Directions for this task — Restate each line below word for word, skipping every picture.

Entries provided —

⟨

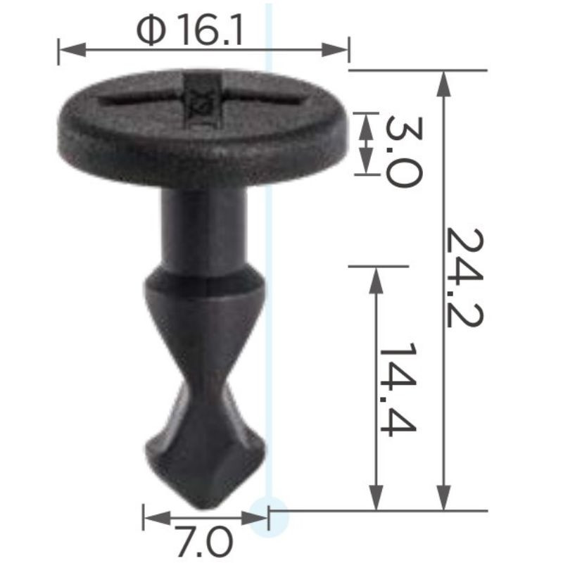 • Méretek: Fej 16.1 mm, szár 24.2 mm, átmérő 7 mm
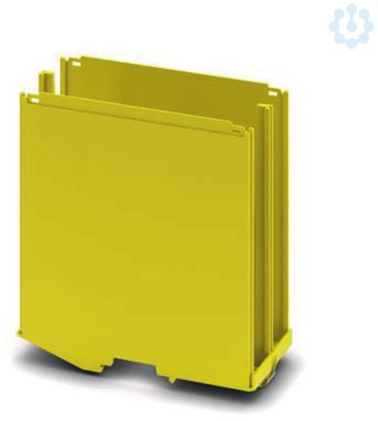 Tragschienengehäuse, Gehäuseunterteil mit Metallfußriegel, Breite: 50,1 mm, Höhe: 122,5 mm, Tiefe: 130,9 mm, Farbe: gelb (ähnlich RAL 1018), Querverbindung: Tragschienen-Busverbinder (optional), Polzahl Querverbinder: 8
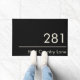 Just picture the sweet feeling of entering the house you now own and having something to make you think that this house is really yours. This doormat comes in handy to symbolise the beginning of the new chapter in people’s life. This doormat is perfect for welcoming people in to a new house, a new beginning or the coming together of two families. Looking simple and modern, this black custom doormat is split and has the house number as well as the street name or family name. Order yours today and add that special touch to your doorstep!
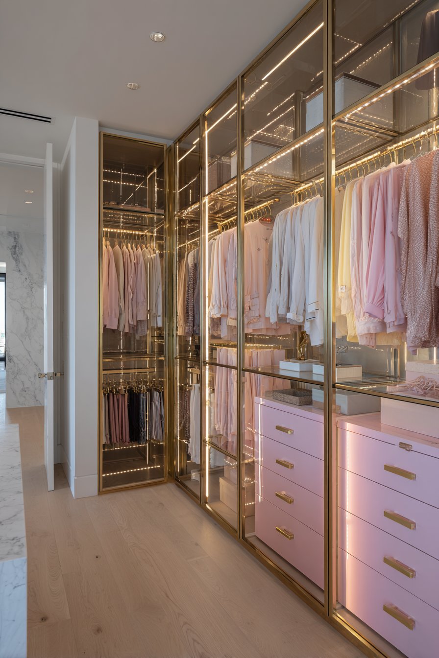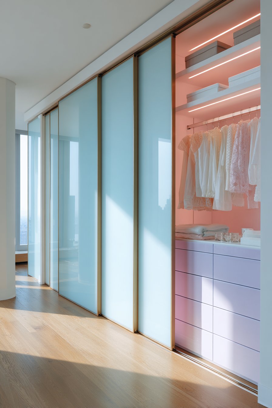 Practical luxury emerges through sophisticated storage design. Frosted glass sliding doors with brushed aluminum frames span one full wall. Soft internal LED lighting reveals organized clothing in pastel tones. The translucent quality creates visual interest while concealing contents partially.
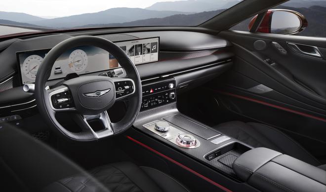 内饰方面,新款捷尼赛思G80于细节处精雕细琢。27英寸OLED一体式智能屏,带来更细腻的视觉与智能互联体验。三幅方向盘触感柔和,操作精准;一体式中控台及触控空调面板布局直观便捷,提升交互体验。电子旋钮式换挡及智能指尖操作,一键呼应,更显科技感。无线充电、氛围灯等配置进一步提升豪华感知。
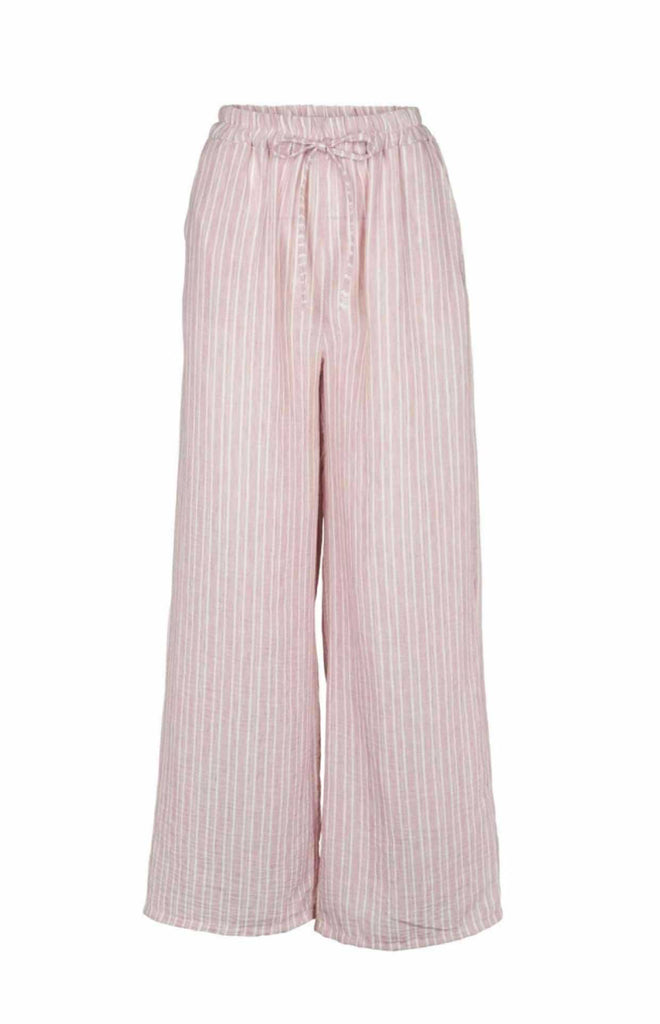 BESKRIVELSE: Smarte bukser i lækker stribet kvalitet. De er vidde i benene og elastik og bindebånd i taljen. Der er også lommer i siden.
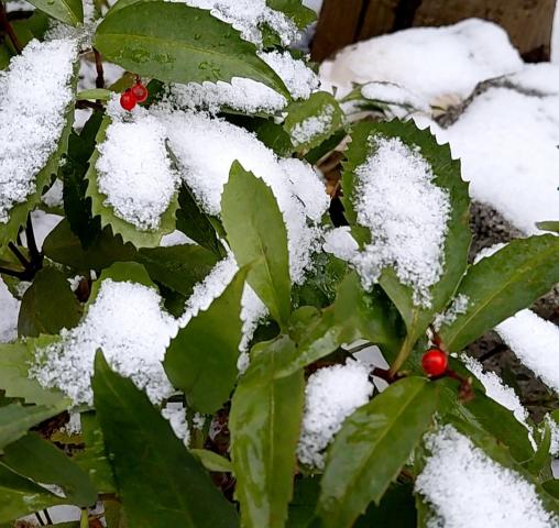 やっぱり来ましたねぇ 2026年01月21日 カテゴリ01 今朝、庭の南天には少しの雪でしたが・・・ 断続的に雪が降り始めました。 お昼頃はボタン雪 ❄❄❄ 今夜から本格的に降るそうです。 ちょっと心配・・・
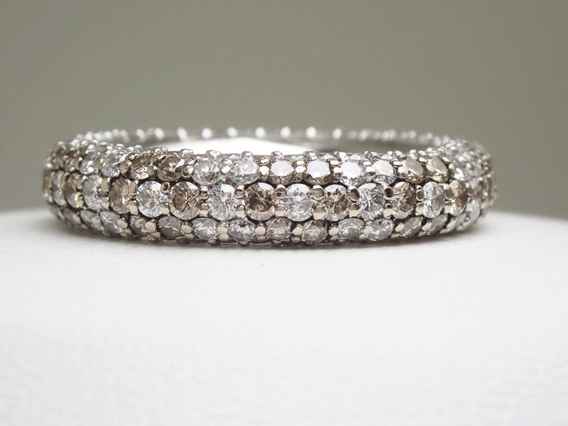 Ponte Vecchio ポンテヴェキオ ETERNO エテルノリング K18WG D1.98ct 1.15ct #10.5号 中古美品 上質ブラウンダイヤ カラーレスダイヤ 收藏
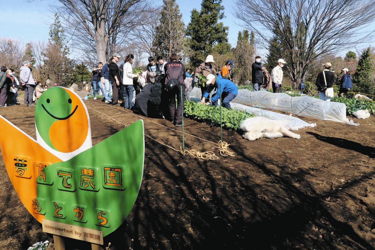 グランドオープンデーに、畑で収穫体験をする参加者=いずれも世田谷区で
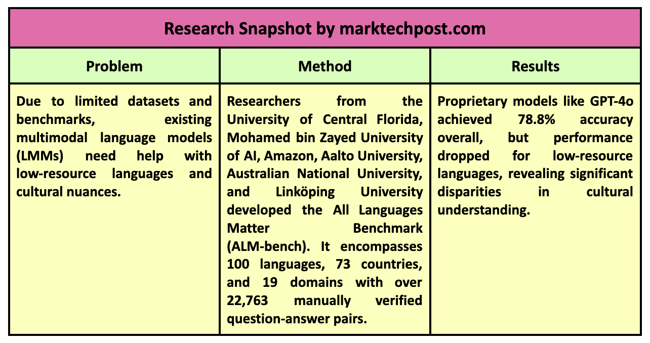 The post All Languages Matter Benchmark (ALM-bench): A Comprehensive Evaluation Framework to Enhance Multimodal Language Models for Cultural Inclusivity and Linguistic Diversity Across 100 Global Languages appeared first on MarkTechPost.
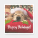Fügen Sie Ihren Feierlichkeiten in diesem Jahr ein wenig goldenen Beifall hinzu! Das Design zeigt ein Foto eines Golden Retriever Hundes, der auf einem Kissen unter einem Weihnachtsbaum schläft und eine rote Weihnachtsmannmütze trägt. Anpassbarer Text lautet: "Happy Holidays!"
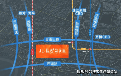 项目临近两大城市主干道——禺山大道和西环路,接驳东新高速可达荔湾和海珠区,接驳新光快速通达万博及珠江新城CBD,交通高效便捷。自驾或乘坐公共交通均可快速到达广州主要核心商圈及行政中心,为工作及生活提供极大便利。毗邻地铁与快速路网的双重交通优势,使信达·繁花里在市桥老城中心区极具吸引力,兼顾居住舒适性和出行效率。
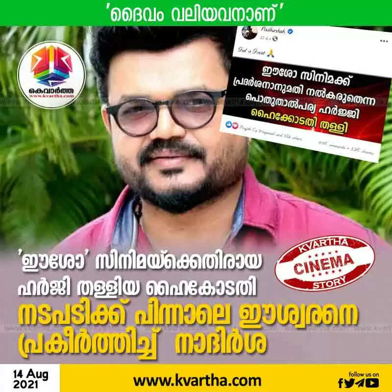 കൊച്ചി: (www.kvartha.com 14.08.2021) 'ഈശോ' സിനിമയ്ക്ക് പ്രദര്ശനാനുമതി നല്കരുതെന്ന് ആവശ്യപ്പെട്ടുള്ള പൊതുതാല്പര്യ ഹര്ജി തള്ളിയ ഹൈകോടതി നടപടിയില് പ്രതികരണവുമായി ചിത്രത്തിന്റെ സംവിധായകന് നാദിര്ശ. 'ദൈവം വലിയവനാണെ'ന്നാണ് ഈ വാര്ത്ത ഫെയ്സ്ബുകില് പങ്കുവച്ചുകൊണ്ട് നാദിര്ശ കുറിച്ചത്.
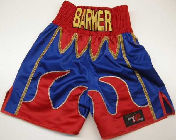 Titch wanted some flames in the traditional amateur boxing colours of red and blue.  We added sequin tips to make the flames look like there are moving in the wind.  If you want something similar you can have the shorts in any material, wetlook, velvet, satin, sparkle.  Just let us know what you require using either one of our design your own templates or on the contact us button at the top.  Put all your details down, what names you want on the front, back etc, fabric, colours and we will get back to you with a price.  All our items are custom made and therefore require a custom price.
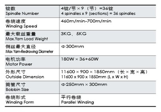本機(jī)是化纖捻機(jī)的后道設(shè),把倍捻機(jī)上的卷取筒子倒成大卷裝,與無(wú)梭織機(jī)配套以減少停機(jī)時(shí)間,提高功效。
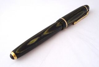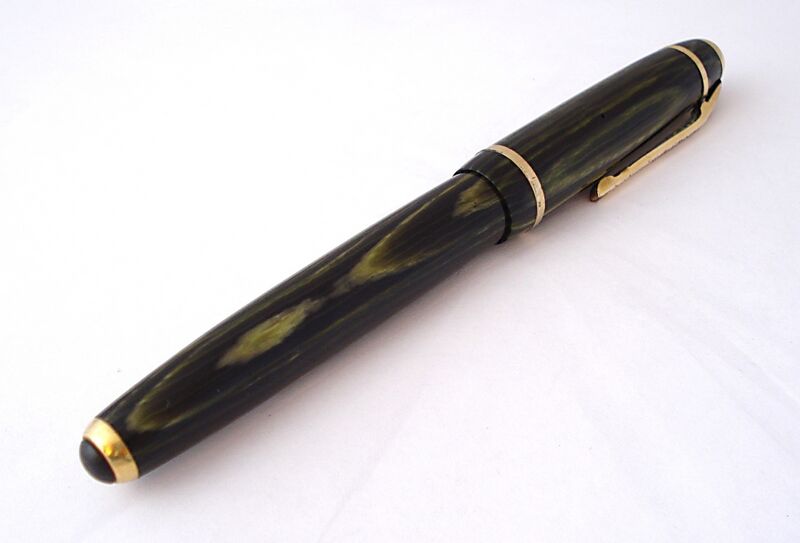 Photo of a pen produced by Columbus. Model: Columbus Extra 132. Filling system: lever filler. In striated green celluloid.

⟩

Response area —
 • Méretek: Fej 16.1 mm, szár 24.2 mm, átmérő 7 mm
 Tragschienengehäuse, Gehäuseunterteil mit Metallfußriegel, Breite: 50,1 mm, Höhe: 122,5 mm, Tiefe: 130,9 mm, Farbe: gelb (ähnlich RAL 1018), Querverbindung: Tragschienen-Busverbinder (optional), Polzahl Querverbinder: 8
 Just picture the sweet feeling of entering the house you now own and having something to make you think that this house is really yours. This doormat comes in handy to symbolise the beginning of the new chapter in people’s life. This doormat is perfect for welcoming people in to a new house, a new beginning or the coming together of two families. Looking simple and modern, this black custom doormat is split and has the house number as well as the street name or family name. Order yours today and add that special touch to your doorstep!
 Practical luxury emerges through sophisticated storage design. Frosted glass sliding doors with brushed aluminum frames span one full wall. Soft internal LED lighting reveals organized clothing in pastel tones. The translucent quality creates visual interest while concealing contents partially.
 内饰方面,新款捷尼赛思G80于细节处精雕细琢。27英寸OLED一体式智能屏,带来更细腻的视觉与智能互联体验。三幅方向盘触感柔和,操作精准;一体式中控台及触控空调面板布局直观便捷,提升交互体验。电子旋钮式换挡及智能指尖操作,一键呼应,更显科技感。无线充电、氛围灯等配置进一步提升豪华感知。
 BESKRIVELSE: Smarte bukser i lækker stribet kvalitet. De er vidde i benene og elastik og bindebånd i taljen. Der er også lommer i siden.
 やっぱり来ましたねぇ 2026年01月21日 カテゴリ01 今朝、庭の南天には少しの雪でしたが・・・ 断続的に雪が降り始めました。 お昼頃はボタン雪 ❄❄❄ 今夜から本格的に降るそうです。 ちょっと心配・・・
 Ponte Vecchio ポンテヴェキオ ETERNO エテルノリング K18WG D1.98ct 1.15ct #10.5号 中古美品 上質ブラウンダイヤ カラーレスダイヤ 收藏
 グランドオープンデーに、畑で収穫体験をする参加者=いずれも世田谷区で
 The post All Languages Matter Benchmark (ALM-bench): A Comprehensive Evaluation Framework to Enhance Multimodal Language Models for Cultural Inclusivity and Linguistic Diversity Across 100 Global Languages appeared first on MarkTechPost.
Fügen Sie Ihren Feierlichkeiten in diesem Jahr ein wenig goldenen Beifall hinzu! Das Design zeigt ein Foto eines Golden Retriever Hundes, der auf einem Kissen unter einem Weihnachtsbaum schläft und eine rote Weihnachtsmannmütze trägt. Anpassbarer Text lautet: "Happy Holidays!"
 项目临近两大城市主干道——禺山大道和西环路,接驳东新高速可达荔湾和海珠区,接驳新光快速通达万博及珠江新城CBD,交通高效便捷。自驾或乘坐公共交通均可快速到达广州主要核心商圈及行政中心,为工作及生活提供极大便利。毗邻地铁与快速路网的双重交通优势,使信达·繁花里在市桥老城中心区极具吸引力,兼顾居住舒适性和出行效率。
 കൊച്ചി: (www.kvartha.com 14.08.2021) 'ഈശോ' സിനിമയ്ക്ക് പ്രദര്ശനാനുമതി നല്കരുതെന്ന് ആവശ്യപ്പെട്ടുള്ള പൊതുതാല്പര്യ ഹര്ജി തള്ളിയ ഹൈകോടതി നടപടിയില് പ്രതികരണവുമായി ചിത്രത്തിന്റെ സംവിധായകന് നാദിര്ശ. 'ദൈവം വലിയവനാണെ'ന്നാണ് ഈ വാര്ത്ത ഫെയ്സ്ബുകില് പങ്കുവച്ചുകൊണ്ട് നാദിര്ശ കുറിച്ചത്.
 Titch wanted some flames in the traditional amateur boxing colours of red and blue.  We added sequin tips to make the flames look like there are moving in the wind.  If you want something similar you can have the shorts in any material, wetlook, velvet, satin, sparkle.  Just let us know what you require using either one of our design your own templates or on the contact us button at the top.  Put all your details down, what names you want on the front, back etc, fabric, colours and we will get back to you with a price.  All our items are custom made and therefore require a custom price.
本機(jī)是化纖捻機(jī)的后道設(shè),把倍捻機(jī)上的卷取筒子倒成大卷裝,與無(wú)梭織機(jī)配套以減少停機(jī)時(shí)間,提高功效。
 Photo of a pen produced by Columbus. Model: Columbus Extra 132. Filling system: lever filler. In striated green celluloid.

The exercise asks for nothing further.